Monday, December 8, 2014

How Much Money Can You Save With LED Lighting? Ask Macy's

More light at less wattage saves energy, requires fewer natural resources, reduces your carbon footprint, and your electric bills. Savings can be substantial, as many major department store chains have discovered.   

Payback periods for retrofits are often very short and can be under 2 years.  This was the case for retail giant, Macy's, whose payback for their conversion was 1.6 years. 

Macy's teamed up with NYSERDA (New York State Energy Research and Development Authority) and received a $200,000 incentive from NYSERDA's Existing Facility Program to do a pilot program in New York.

Macy's initially retrofitted 17 New York stores with over 24,000 LED lights in a pilot program, netting savings of nearly 73% (over $674,000) per year.  

For retailers, light output and color rendering are critically important considerations for selling products.  Macy's replaced 47 watt halogen lamps with 12 watt LED after discovering the LEDs provided a superior quality of light nothing like the earlier versions.  In fact, many color temperature filters and tones can be achieved to suit.  This includes at the newly constructed building at the Westfield South Shore Mall in Bay Shore, NY (Suffolk County).

So pleased with their results, Macy's reportedly then installed over 1.1 million LED's in more than 800 Macy's & Bloomingdale's stores across the United States (savings figures from the additional installations are not available) and have pledged to using LED fixtures exclusively in any new construction or store renovations.

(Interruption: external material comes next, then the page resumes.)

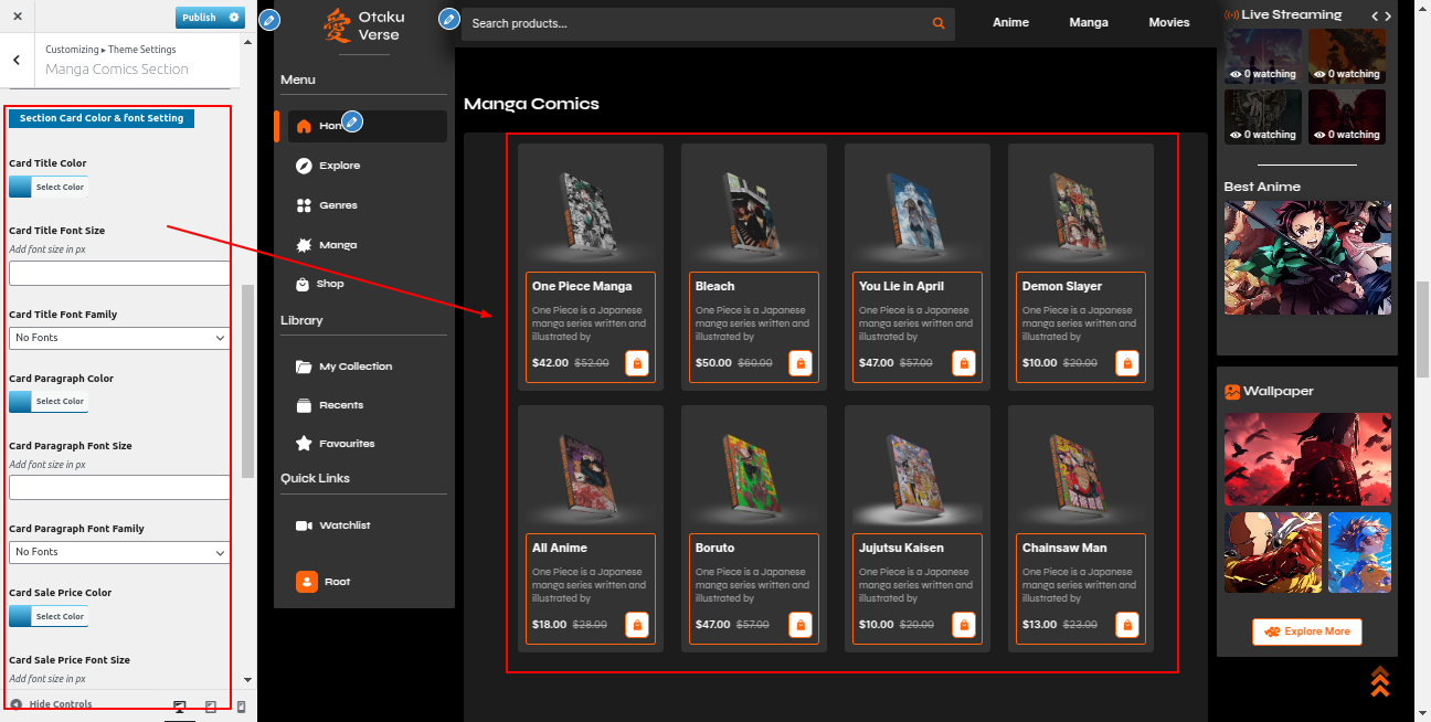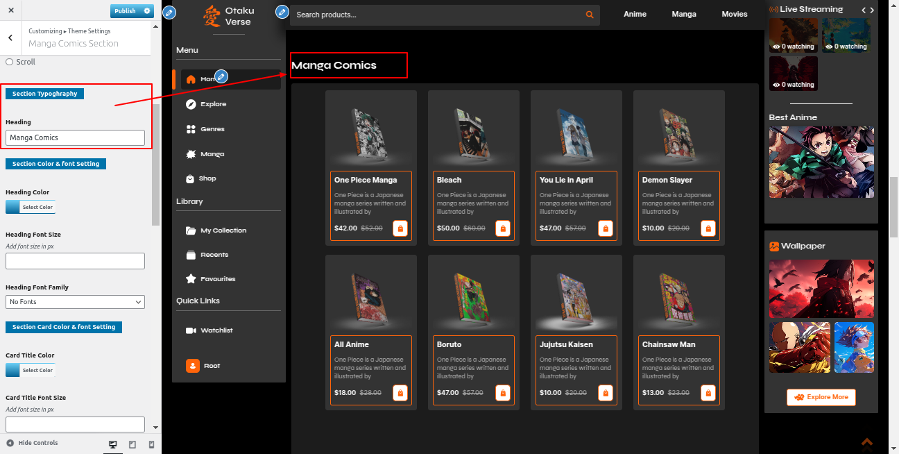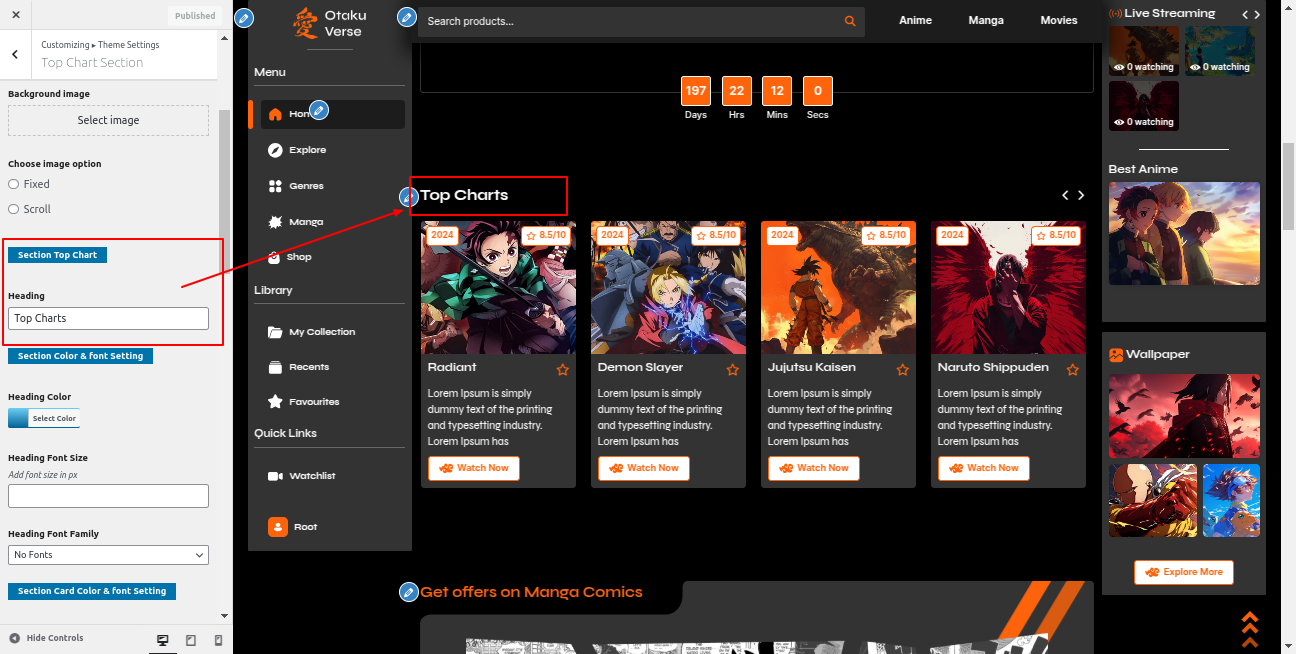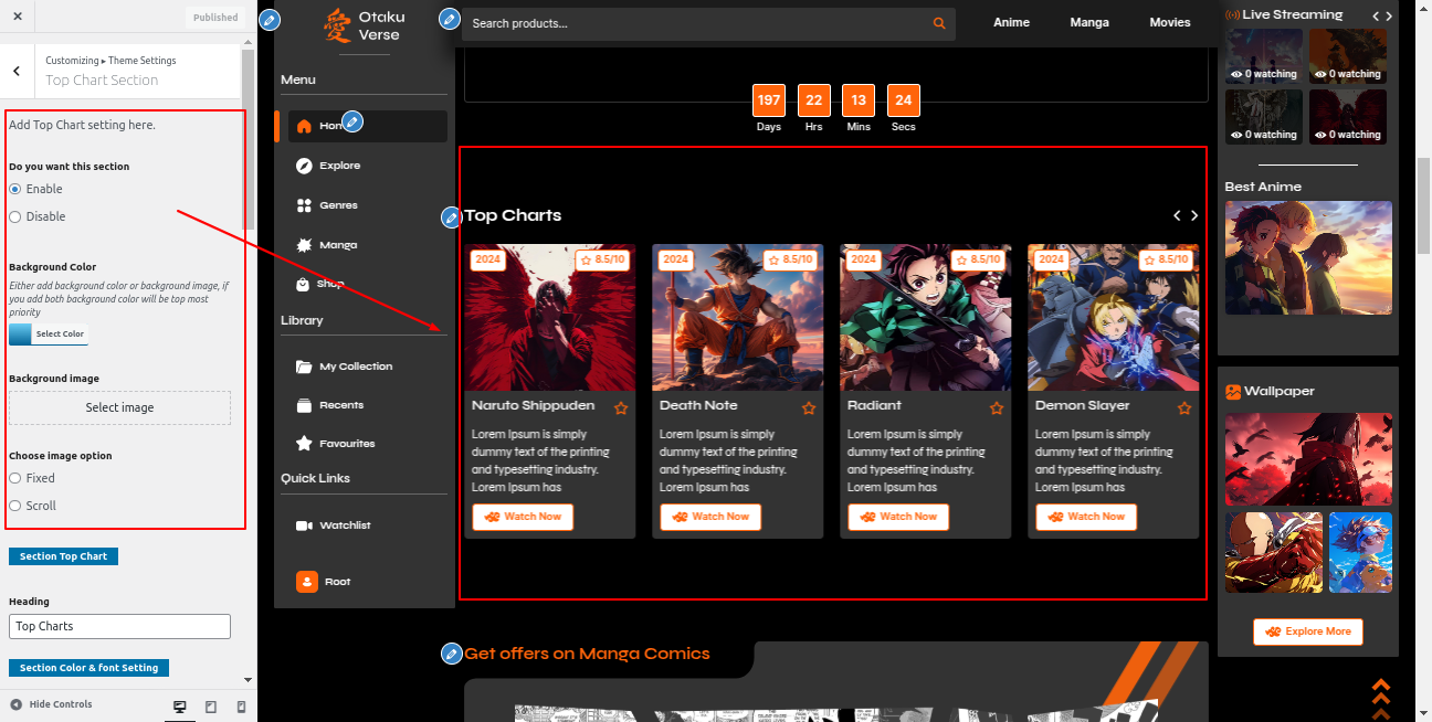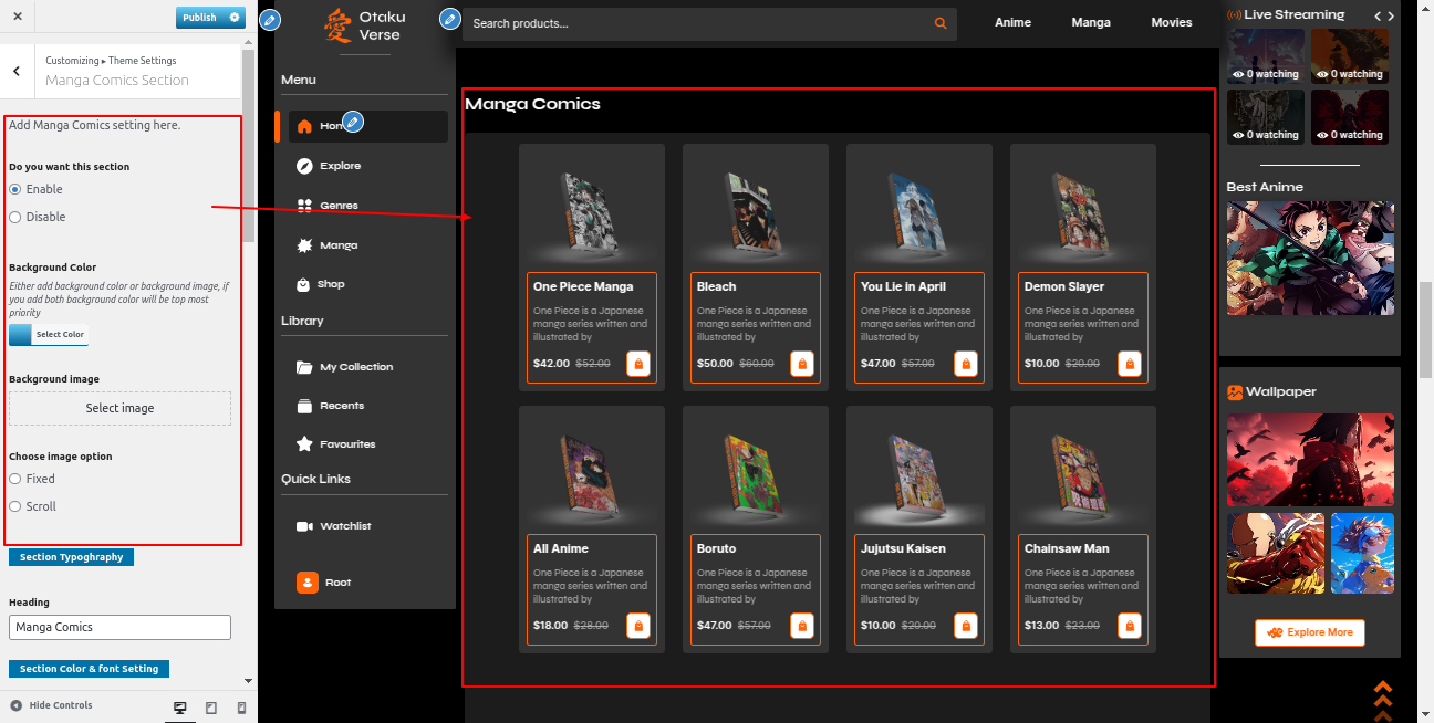Go to the Appearance >> Customize >> Theme Settings >>Manga Comics Section

Macy's isn't stopping there - energized by the dramatic changes, they are adding solar panels and other efficiencies to stores as part of a broader sustainability initiative they have committed to, rising to one of the top five companies in the nation using solar energy as of 2012  (Walmart was at #1, joined by GM, Ikea, and Kohl's).

Macy's joined the U.S. Department of Energy's Better Buildings Challenge to be a role model for other buildings to go greener.